National police, civil guards and soldiers remain in Catalonia, ready to enforce Madrid rule over the region. Resistance is likely, maybe state-sponsored violence and bloodshed.
Hispanic and Catalan Studies senior lecturer Sally-Ann Kitts expects referendum day violence to be repeated. “I really will be amazed if we don’t see more of that,” she said.
Activists volunteered to form human shields around government buildings to protect officials. Unknown numbers of civil servants said they won’t take orders from Madrid.
Sacked Mossos d’Esquadra police chief Josep Lluis Trapero shamefully accepted a demotion to commissar, betraying his people.
Madrid disbanded a Catalan tribunal established to investigate referendum day police state violence.
Washington and EU states expressed support for Madrid.

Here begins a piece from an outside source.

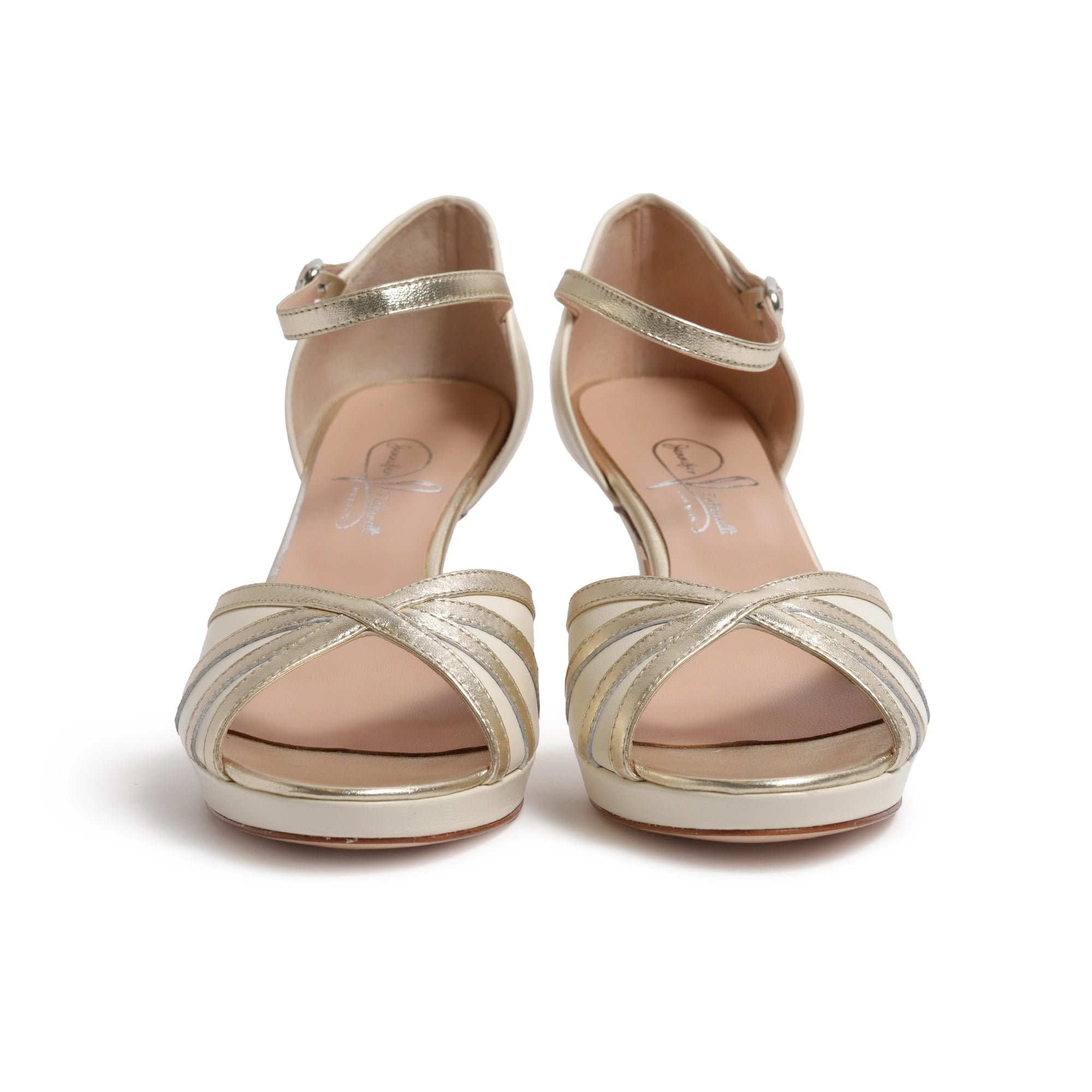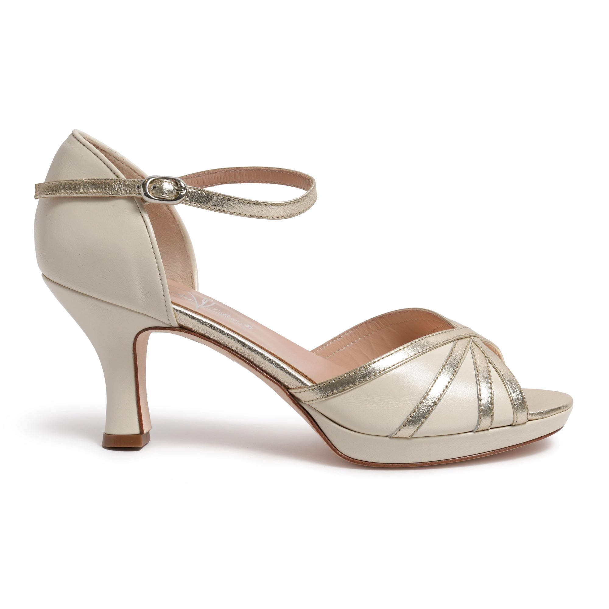 The style features a slender ankle strap with an adjustable buckle, ensuring a secure and feminine fit. A discreet small platform at the front provides subtle lift and additional comfort, complementing the open-toe design that enhances the natural line of the foot.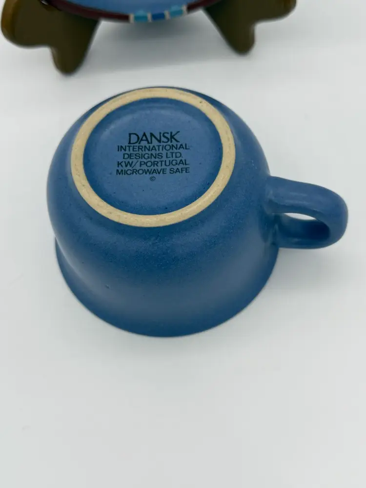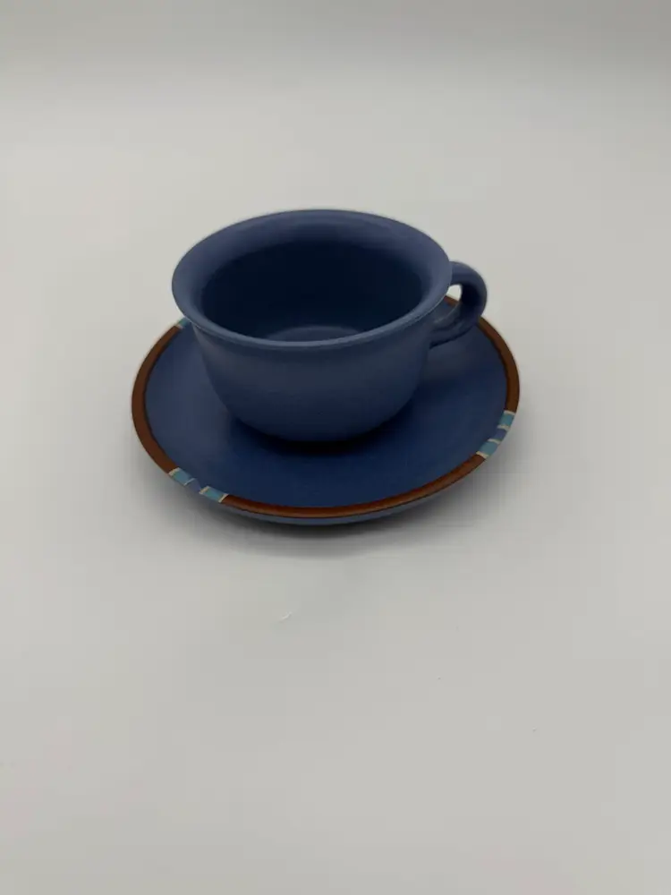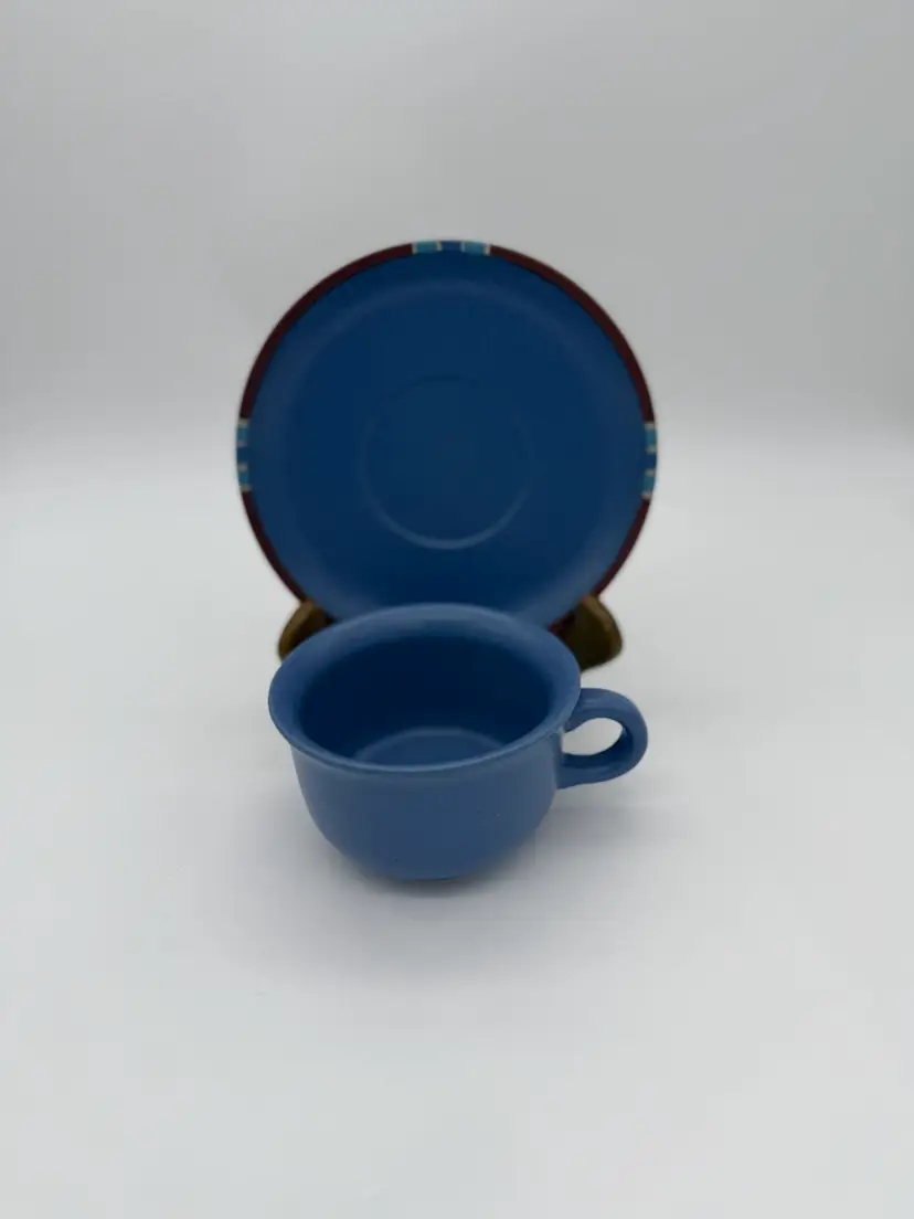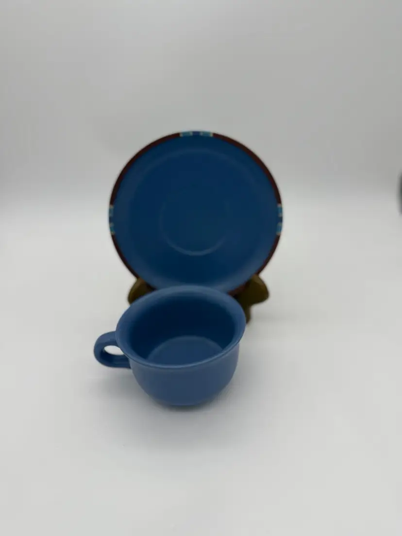 The DANSK International Designs LTD. Mesa Blue Coffee Cup & Saucer Set is a stylish and contemporary two-piece set made of stoneware. With a glossy finish and a capacity of 8 oz, this set features a round shape and decorative South Western design in blue, white, sky blue, and brown colors. The stackable and microwave-safe cups and saucers are a discontinued and retired production from 1990-1999, showcasing an art pottery production style. The set includes a coffee cup and saucer with dimensions of 2.5” and 1” in height, and 4-1/4” and 6.5” in diameter, respectively.

State Department Heather Nauert said “Catalonia is an integral part of Spain, and the United States supports the Spanish government’s constitutional measures to keep Spain strong and united.”
Theresa May’s office said Britain “does not and will not” recognize Catalan independence.”
Scotland’s pro-independence Scottish National Party leader Nocola Sturgeon criticized Madrid’s refusal to hold direct talks with Catalan officials.
The imposition of direct rule “cannot be the solution,” she added. “People of Catalonia must have the ability to determine their own future.”
French President Emmanuel Macron expressed full support for Rajoy.
German Chancellor Angela Merkel’s spokesman Steffen Seibert said her “government does not recognize such an independence declaration. The sovereignty and territorial integrity of Spain are and always will be inviolable.”
European Council President Donald Tusk, European Commission President Jean-Claude Juncker, and European Parliament President Antonio Tajani all expressed support for Madrid.
So did Canada’s Justin Trudeau, “recogniz(ing) one united Spain.”
Catalans continue their liberating struggle with little outside support. They face a tough road ahead to be free from fascist Spain.